Der Zweite: Weißt, diese Bagasch hat Umtriebe gemacht ganz einfach.
Der Dritte: Weißt – also natürlich.
Der Vierte: Ganz meine Ansicht – gestern hab ich mullattiert –! habts das Bild vom Schönpflug gsehn, Klassikaner!
Der Zweite: Weißt, der Fallota das ist dir ein Patriot, der sagt immer, es genügt nicht, daß man seine Pflicht erfüllt, man muß ein Patriot sein unter Umständ. Wenn der sich was in den Kopf setzt, da gibts keine Würschtel. Weißt was ich glaub? Wern mer halt schwitzen müssen die Täg. No von mir aus!
Der Dritte: Was is mit'n Hopfner?
Der Vierte: Du, hast die zwei Menscher gekannt da?
Der Zweite: Weißt, der Schlepitschka von Schlachtentreu, der is furchtbar gebildet, der liest dir die Presse also auswendig von A bis Z, er sagt wir sollen auch lesen, dort steht sagt er, wir sind für den Frieden wenn auch nicht für den um Frieden um jeden Preis, du is das wahr? (Eine Büfettdame geht vorüber.) Du schau, das ist das Mensch wo ich dir erzählt hab was ich umsonst gehabt hab neulich. (Der Schauspieler Fritz Werner geht vorüber.) Djehre!
Der Dritte: Du mir scheint den kenn ich nicht.

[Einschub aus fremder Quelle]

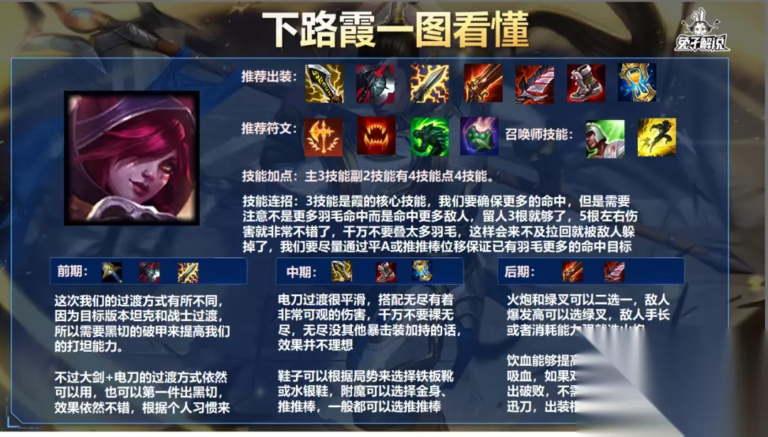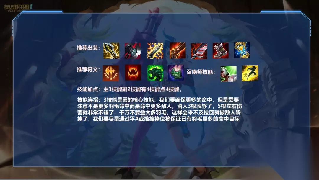 出装方面: 我们可以根据情况来选择自己的着装。如果对手太脆弱,我们就不能使用黑斩。如果我们面对硬支援,我们可以使用裸黑切。这样我们的输出就不会特别斗志旺盛,小团战也能有很好的爆发。 之后可以选择大剑+电刀的过渡方式,电刀也可以灵活更换为太阳刀。我个人认为用电刀开发会更舒服。太阳刀一般适合队伍伤害非常不足的时候。我们也可以用电刀作为过渡,后期再把电刀换成太阳刀,增加伤害。 最终选择有多种:迅刀、绿叉、饮血、火炮、破阵、蓝剑、低语、复活甲,如果缺CD可以选择迅刀、蓝剑,也可以选择低语、破阵、还有咬碎肉。皮肤,选择火炮,喝血。为了保命,你可以选择绿色十字和复活甲。 推荐天赋: 目前最好的天赋只有征服者,叠加起来可以大大提高我们的持续输出能力。 猎人吸血比其他小天赋更适合霞。它不仅有攻击力,还有吸血能力。 自适应外壳可以提高我们的宽容度 水果和猎人天才可以根据个人的游戏风格来选择 技能连招: 技能3是夏的核心技能。我们需要保证更多的命中,但需要注意不是击中更多的羽毛,而是击中更多的敌人。保留3根羽毛就够了,5根羽毛左右的伤害就很不错了。当心。不要堆放太多羽毛,否则你还没来得及把它们拉回来,就会被敌人闪避。我们应该尽量通过调平A或者推动推杆的位移来保证更多的羽毛击中目标。 对局详解

Der Vierte: Den kennst nicht? Geh mach keine Gspaß den kennst nicht! Das is doch der Werner!
Der Dritte: Klassisch, weißt was ich mir eingebildet hab, ich hab mir eingebildet, das is der Treumann!
Der Erste: Geh hör auf! Wie kann man denn den Treumann mit dem Werner verwechseln!
Der Zweite: Siehst du, weil du nicht Logik studiert hast – er hat doch konträr den Werner mit dem Treumann verwechselt.
Der Dritte: Weißt, nein – wart (denkt nach). Weißt überhaupt was meine Ansicht is? »Husarenblut« is besser wie »Herbstmanöver«!
Der Zweite: Hör auf.
Der Erste: Du, du bist ja furchtbar gebildet, also –
Der Vierte: Also natürlich war das der Werner!